Towards the end of July 1942 Harry Hopkins was sent by President Roosevelt as his personal emissary to Stalin and pledged to support him with money and materials necessary for war. This mission was a turning point in the wartime relations of Britain, United States and Soviet Union. Thus one-time enemies became friends under compulsion and an alliance was concluded between them against Germany.
Wartime Strains:
But friendly relations soon strained because of more than one reason. Stalin requested the Allied powers to open a new battle-front in Europe to ease the pressure on her as this would draw off the considerable part of German army. According to British and American historians, it was impossible for the Allied powers to open a new battle-front in Europe, although Churchill ordered his staff to consider various possibilities, such as a landing on the tip of the Normandy peninsula or an invasion of Norway.
But after exhaustive discussions he had to agree with the Chiefs of Staff that the projects were impracticable, owing to shortage of landing craft and lack of bases sufficiently close to ensure air superiority.
There remained only the Western Desert where some kind of campaign could be carried on, hoping that this would to some extent relieve the pressure on the Eastern Front. Britain faced another kind of internal trouble. There was clamour in Britain that Russia must be helped with all possible assistance immediately. Beverbrook, a Cabinet member, staged a resignation on the grounds that he could not continue to be a member of a government which had signally failed to help Russia.
An attempt was, however, made, not in Europe, but in the Middle East, which followed a series of severe fighting in which neither side secured any great advantage. It succeeded in diverting some elements of German strength from the Russian front, at least temporarily — it had not satisfied Soviet solicitation.
The Western Powers eventually decided to open a second front in North Africa but the Soviet Union declined to accept this proposal. In Soviet Union “it was assumed that the Western Powers were more concerned with forestalling Russian influence in South-eastern Europe than with aiding the Soviet Union by a frontal attack in the West”.
According to the military experts of the West, Germany contained two mighty arms — one of which was Rommel, who was threatening Egypt and the Near East, and the other arm was directing German offensive in the Ukraine. Two arms must not meet together in Iran. So one arm must be broken and, to Britain, North Africa was the ideal place where she had some hope of accomplishing the task and this would give Soviet Union real relief.

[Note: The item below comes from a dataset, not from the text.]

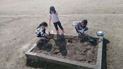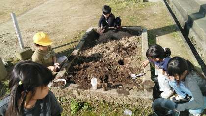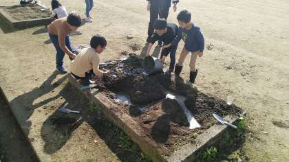 1年生の3時間目は、生活科の学習でした。花壇を使ってどろあそびをしていました。土を掘ったり、水を加えたりしながら楽しんでいました。

Towards the end of the war, another strain was visible when the Eastern and Western allies found themselves in unfortunate rivalry to get to Berlin first causing uncongenial situation.
In fact, it was difficult for the Western allies to have trust in Russia as the latter had been formally an ally of Germany and, for the first nine months of the war, offered enormous help to her against Western allies. Again, the signing of Non-Aggression Pact in 1939, which had precipitated the war, could not be forgiven by the Western Powers. On the other side, it was equally difficult for Soviet Union to forget or forgive the Western allies for not including her in the Munich Settlement.
Again, Soviet Union knew very clearly that the Western Powers tried their best to divert Hitler’s onslaught towards East. Soviet Union could not forget the action taken by them when she was expelled from the League of Nations because of its attack upon Finland, whereas Manchuria invasion by Japan was ignored.
Therefore, the Grand Alliances which were concluded under exigency in haste against the common enemy were “clouded from the start by memories of recent treacheries on both sides.”